弱体化が続く町内会・自治会と地域防犯の切っても切れない関係
<物理的に「入りにくく見えやすい地域」にする方法>
反対に「入りにくく見えやすい場所」では、犯罪者は犯行をあきらめる。したがって、そうした改善を施すことが必要であり、それには、個人で行うミクロの対策と、集団で行うマクロの対策がある。 これを地域の安全に当てはめると、ミクロの対策が「入りにくく見えやすい家」にすることで、マクロの対策が「入りにくく見えやすい地域」にすることになる。こうした二段階の対策は、犯罪者の行動に適合している。というのは、例えば、空き巣は、まずマクロ的にターゲットとなる地域を選び、その後に、ミクロ的に特定の家をターゲットにするからだ。 町内会が担うのは、もちろんマクロの対策だ。では、具体的に何をどう進めたらいいのか。 物理的に「入りにくく見えやすい地域」にする方法として、欧米で多用されているのは、ハンプと監視カメラだ。このうち、ハンプとは、車の減速を促す路面の凸部(盛り上がり)のこと。
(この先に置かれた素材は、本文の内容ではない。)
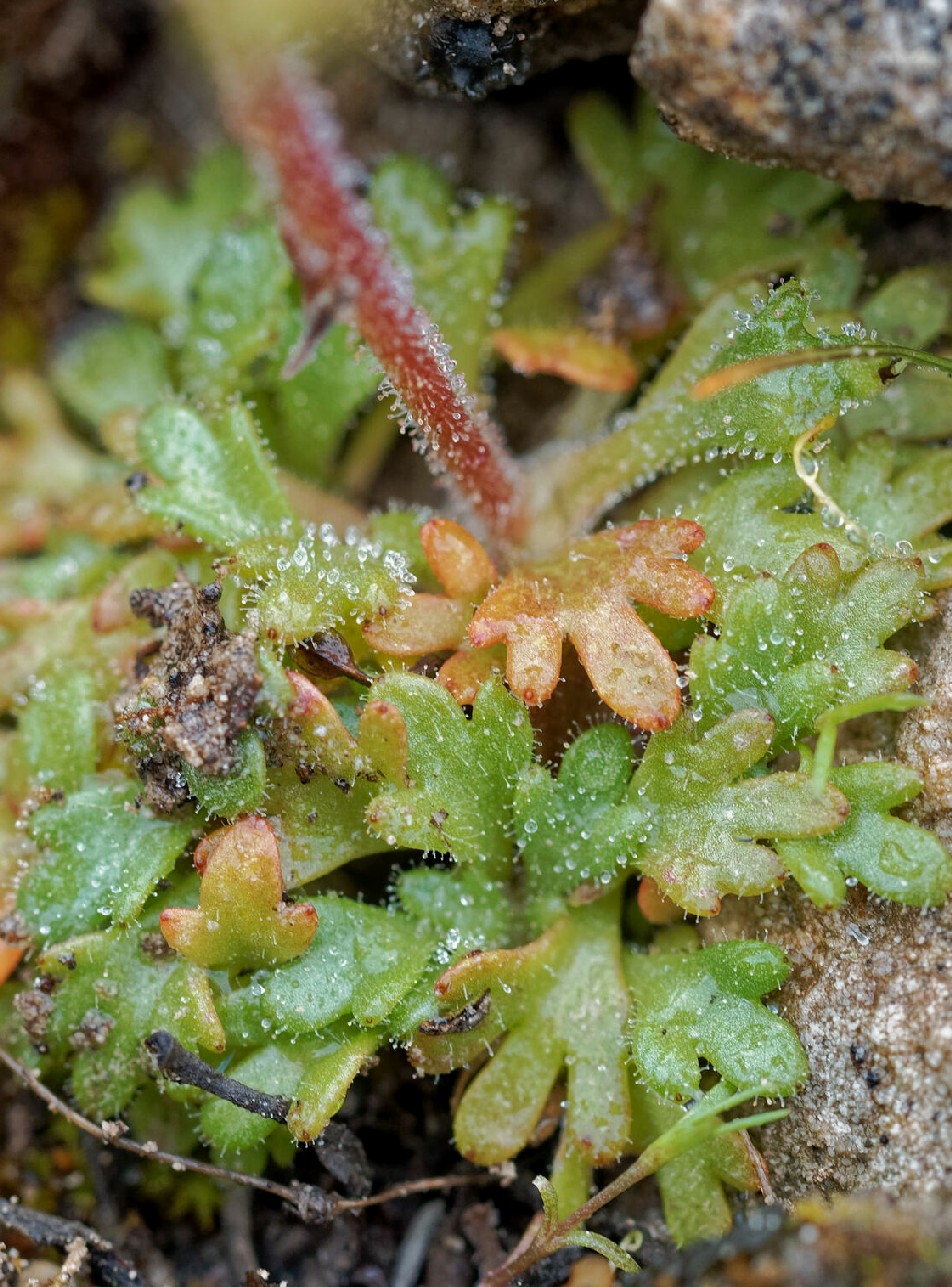 Endemit in Südspanien In den Achseln der Grundblätter befinden sich unterirdische Bulbillen Stängel und Blütenstiele schlank, Kronblätter 5 - 7 mm lang Grundblattrosette zur Blütezeit vorhanden, alle Blätter dreilappig > 1

幹線道路から生活道路に入る場所にハンプを設けておけば、ひったくり、空き巣、誘拐犯などが犯行後に全速力で幹線道路に逃げられない。つまり、「入りにくい(逃げにくい)場所」として、犯罪がやりにくい場所になる。 イギリスでは、「DIYストリート」という草の根プロジェクトで、住民によるハンプ設置が認められている。日本でも、2001年の道路構造令の改正によりハンプの設置が認められたが、普及は進んでいない。
<心理的に「入りにくく見えやすい地域」にする方法>
心理的に「入りにくく見えやすい地域」にする方法としては、「割れ窓理論」が欧米で採用されている。ハーバード大学研究員(後にラトガース大学教授)のジョージ・ケリングが1982年に発表した犯罪機会論だ。 「割れた窓ガラス」とは、管理が行き届いてなく、秩序感が薄い場所の象徴。言い換えれば、地域社会の乱れやほころびを表し、その背景に地域住民の無関心や無責任があることを想像させる言葉だ。そうしたシグナルとしては、このほかに、落書き、散乱ゴミ、放置自転車、廃屋、伸び放題の雑草、不法投棄された家電ゴミ、野ざらしの廃車、壊れたフェンス、切れた街灯、違法な路上駐車、公園の汚いトイレなどがある。